AN Easter message from the Archbishop of York, Dr John Sentamu.

"I don’t know how you feel about life at the moment. Our nation is beset by division, we are facing challenges of debt and austerity, we hear reports of our young people struggling with self-image and with stress and anxiety caused by social media, and the fortunes of York City Football Club is of great concern to me – as the Club’s Patron.

And yet I feel full of hope! Why? How? Well, because the story of Easter is the story of how the ultimate division has been forgiven and reconciled, the greatest debt paid and the deepest disillusionment replaced by joy that can’t be taken away.

If you’ve ever had a falling out in your family, you’ll know how painful it is. That pain is only an echo of the pain God knows when we forget that he made us and loves us, and when we treat each other without remembering that each of us is loved and is of unique worth in God’s sight.

It’s so hard to do – impossible! And so we end up falling out and hurting each other. And you know how hard it is to be the one to make the first move to fix things up.

But the amazing thing is that God did just that! Jesus, the only one in the whole world who loved everyone, and never turned his back on love and God his Father, was willing to die so that God’s one human race could be healed – so that we could be adopted as children of God and get to know our Father God.

What about debts, though? Debts get worse with time. Interest piles up. And the same happens with relationships. The longer the divisions go on, the worse they get. You can’t just wave a magic wand and make it better.

You have to have the cash to pay the debt off. What if you could wipe the slate clean with all the mess we make in our lives, and all the hurt that other people have done to us…? What if it could be paid off in one huge lump sum? It’s not possible, surely? But that is exactly what the Easter story says. 'He became sin' – when Jesus died all that hurt and mess died with him and the debt was chalked off.

But hang on a minute, I hear you say. Us Yorkshire folk aren’t so easily taken in. For a start, Jesus died. How’s that a good thing? And if his death was meant to heal divisions and give us a clean slate, then how come we’re here, divided and disappointed? Friends, this is the really good bit.

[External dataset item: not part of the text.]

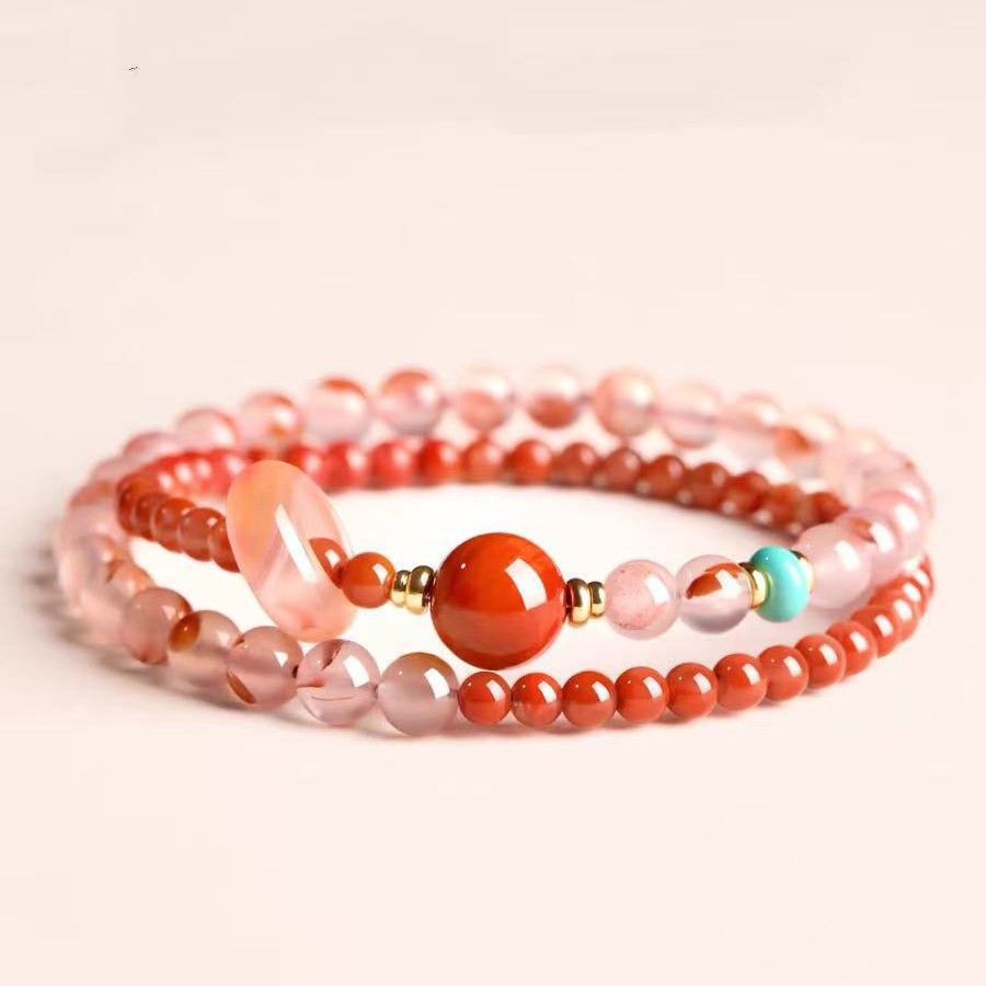 天然冰飘红玛瑙手链南红手串双拼盐源跑环叠戴手饰生日礼物送女友

Jesus’ followers were just as disappointed, just as dubious, when he died. It seemed like the end of everything they’d pinned their hopes on. It was like losing the election, losing your job, getting no likes on Instagram and being relegated – all at once. Actually they were in deep shock, shame and grief, profoundly traumatised and bereft.

Easter speaks to us of the physicality of the resurrection of the Crucified and Buried Jesus of Nazareth. It’s new life – life the way it should be. The world is not ‘all as it should be’, as one famous Christian song puts it, but Easter tells us that nothing is too bad, nothing is too hopeless, nothing is impossible! Death isn’t the End. The End is Life in God.

Jesus was raised from the dead, and his downcast, downtrodden, disillusioned followers became the beginning of a Resurrection movement that continues to change the world for the better and tells this story of new hope, new beginnings, forgiveness and healing.

I invite you to join me on this Pilgrim journey. There is a free app to sign up https://www.churchofengland.org/pilgrim for daily emails; each containing a short Bible reading, an invitation to reflect, a suggestion for prayer and a prompt to act. The Pilgrim resources can be used by anyone, at whatever stage of a faith journey.

I’m not sure I can promise better results for York City, although I have great hope for them “for we are YORK!” But the empty cross and the empty tomb of Easter promise radically better things for all who believe. May you know the joy and hope that come from new life this Easter."

The Archbishop will be preaching at York Minster on Easter Day at 10am.